Her colleagues, said Tanya Mazor-Posner, would describe her as generally cool, even-tempered and professional. But ask her about her commitment to Jewish communal work, or what can happen when she views the fruits of that work overseas, and this new campaign director of the Milwaukee Jewish Federation can find herself at a loss for words.
“I feel like I’m making a difference,” she said in a recent interview in her new office. “It’s really hard to discuss.”
So Mazor-Posner, 33, told a story. During her last job at the Jewish Federation of Metropolitan Detroit, she went to Kiev, Ukraine, as part of a team that focused on Jewish rebuilding, including Jewish renewal efforts and welfare initiatives.

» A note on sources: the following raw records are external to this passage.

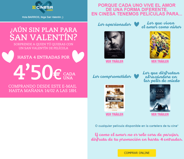 Cinesa apuesta por el envío de su catálogo de últimos estrenos con un súper precio para motivar la compra:
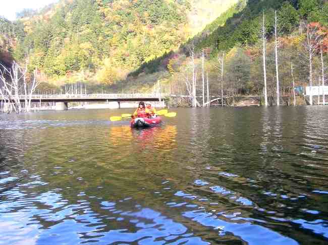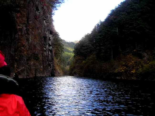 23 最下流、土石流で出来たダム' 湖の色は、黒色に近く見えるが、峡谷で、湖も深い為、光が入らないのである。 |
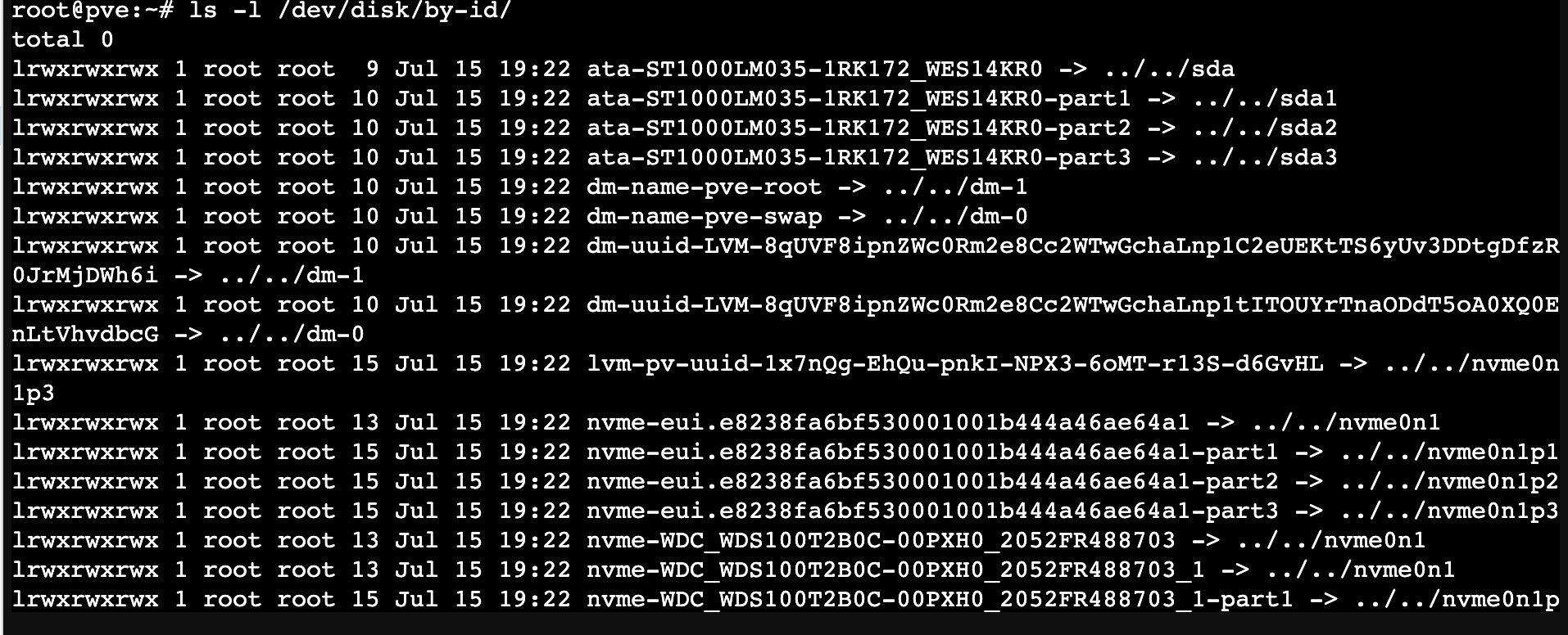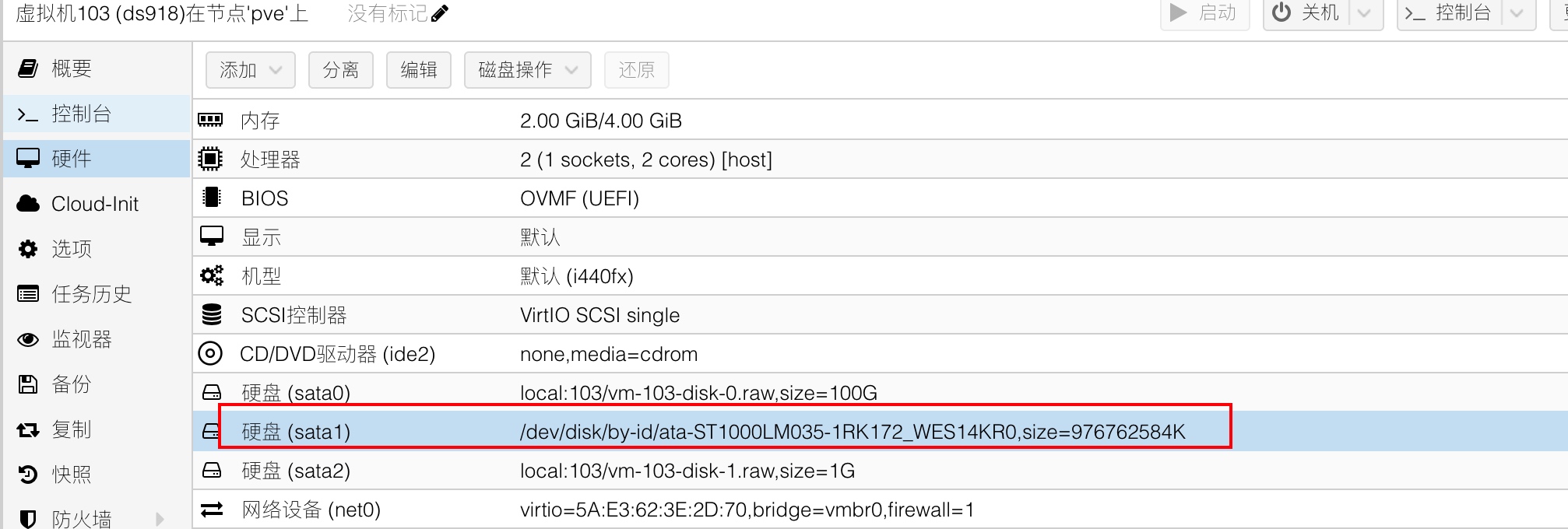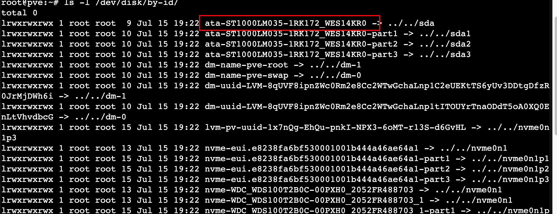qm set 103 -sata1 /dev/disk/by-id/ata-ST1000LM035-1RK172_WES14KR0
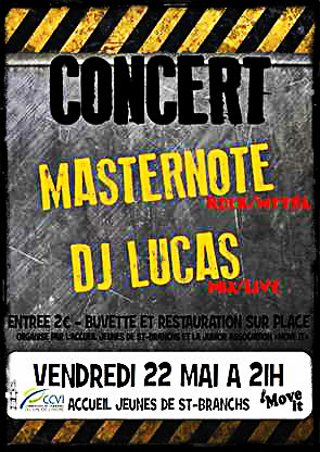 En effet, le 22 mai à partir de 21h et pour 2€ seulement, vous pourrez assister au concert de Masternote, un groupe de collégiens d’Alcuin dans un registre Metal/Rock et Dj Lucas, un autre collégien qui avait enflammé la salle des fêtes de Saint-Branchs lors de la soirée Fluo du mois de Février. Sur la place, vous pourrez retrouver une buvette sans alcool et un coin restauration.
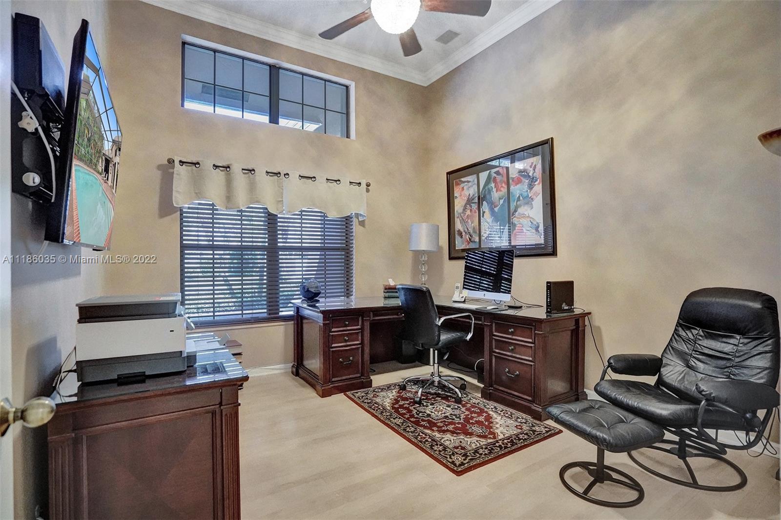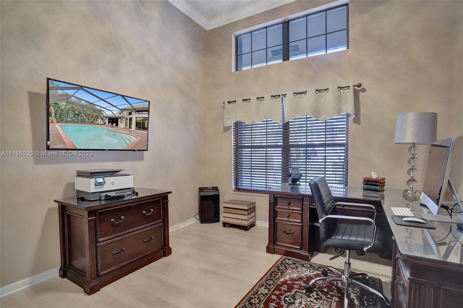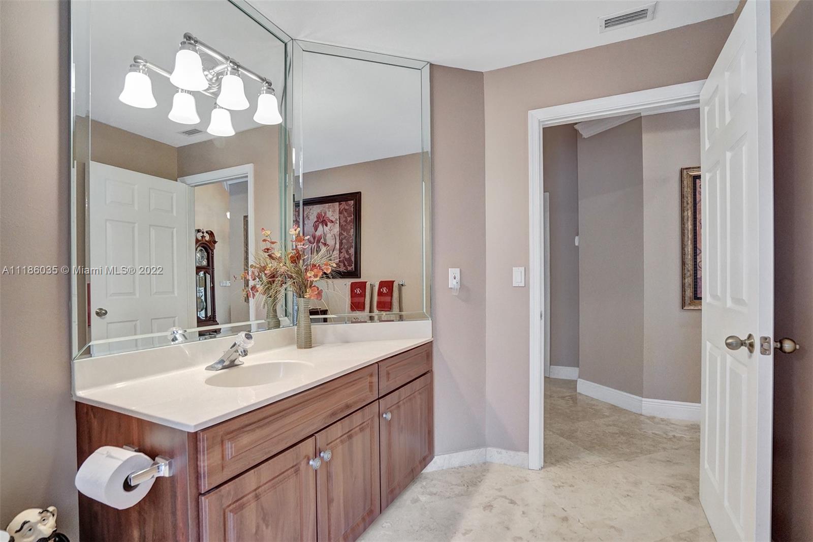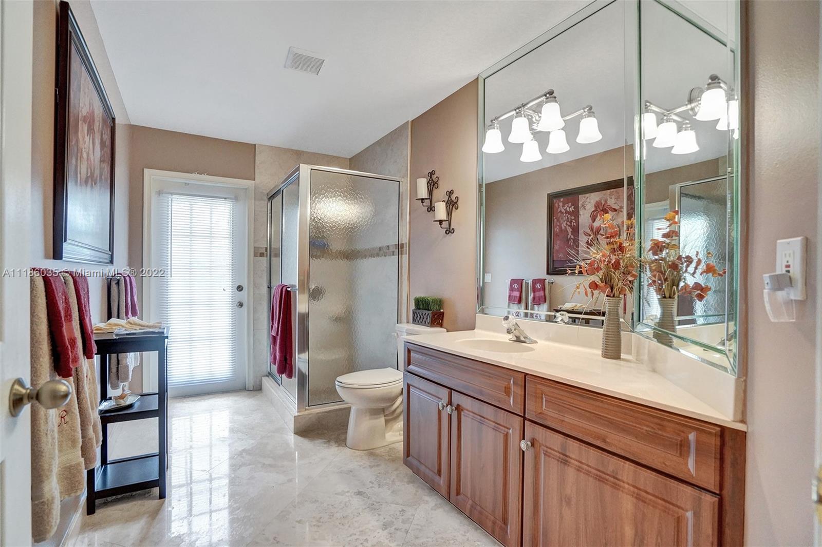 Turnkey home in the gated community of Palm Island. This home features 5 Bedrooms with 4 Full Bathrooms and 2 Half Baths. Great curb appeal sitting on an oversized 14,682 Square Foot lot on a Royal Palm Tree-lined street. Soaring ceilings in Living Areas. Marble floors flow through Living Areas with an elegant step-down Living Room. Gourmet kitchen with Granite countertops, Stainless Steel appliances, wall Oven, and two Pantries. Large owners Suite with Walk-In Closets and en-Suite Bathroom with Dual sinks and large Jacuzzi Tub and standing Shower. Privacy is hedged with lush mature landscaping surrounding the property encompassing the screened Pool Area and a Pergola Deck. True pride in ownership.

“It was just incredible to think that a little more than ten years ago, people didn’t even know they were Jewish, let alone celebrate a holiday like Chanukah. To see how they blossomed Jewishly; honest to goodness, it’s a miracle what’s going on there. I become speechless and overwhelmed with emotion.”
That depth of commitment to a vibrant Jewish life envelops both her personal life and her work life. “For me, [my work] is not just a job and it’s more than a career. It’s something that I have very strong convictions about,” she said.
Community enthusiasm
Mazor-Posner brings varied personal and work experiences to her work of managing and overseeing MJF’s annual community campaign, which she began last month.
Daughter of an Israeli mother and a father who emigrated from Europe to Israel during the Holocaust, she was born in Staten Island, N.Y., the youngest of three. Fluent in Hebrew and a day-school graduate, she spent two years at Bar Ilan University in Israel before returning to New York to continue her studies.
In New York she met her future husband, Chanan, who lived in Detroit. A year-and-a-half later, she moved to Detroit and continued her studies, graduating with a bachelor’s degree in market research from Wayne State University in 1994.
From 1996 until this year, she held positions at the Detroit federation as associate director of the Israel and Overseas Department; Partnership 2000 director; senior community development associate and campaign associate.
And she has a clear vision of what she hopes to contribute in Milwaukee.
“Enthusiasm,” she said. “And making the donors feel proud about their contributions to the community. Being more donor-service oriented,” by maintaining contact with more donors, “both those who are continually making contributions and those who have given in the past but no longer give.”
She also hopes to “make people feel excited about what Milwaukee does here and abroad,” she said.
And for the future, Mazor-Posner expects growth. “Milwaukee has a good reputation nationally for its leadership and its commitment to Jewish life and philanthropy. I think we can take all the good that this community has done and bring it to new heights, because I think this community aspires to even greater achievements.”
On a personal level, the Glendale resident is delighted with what the community has already offered her family, which includes eleven-month-old Benjie.
“People told me I was going to enjoy living in Milwaukee, and living here exceeds everything they told me,” she said, listing Milwaukee’s cultural offerings, “the warmth of the community” and child-centered activities.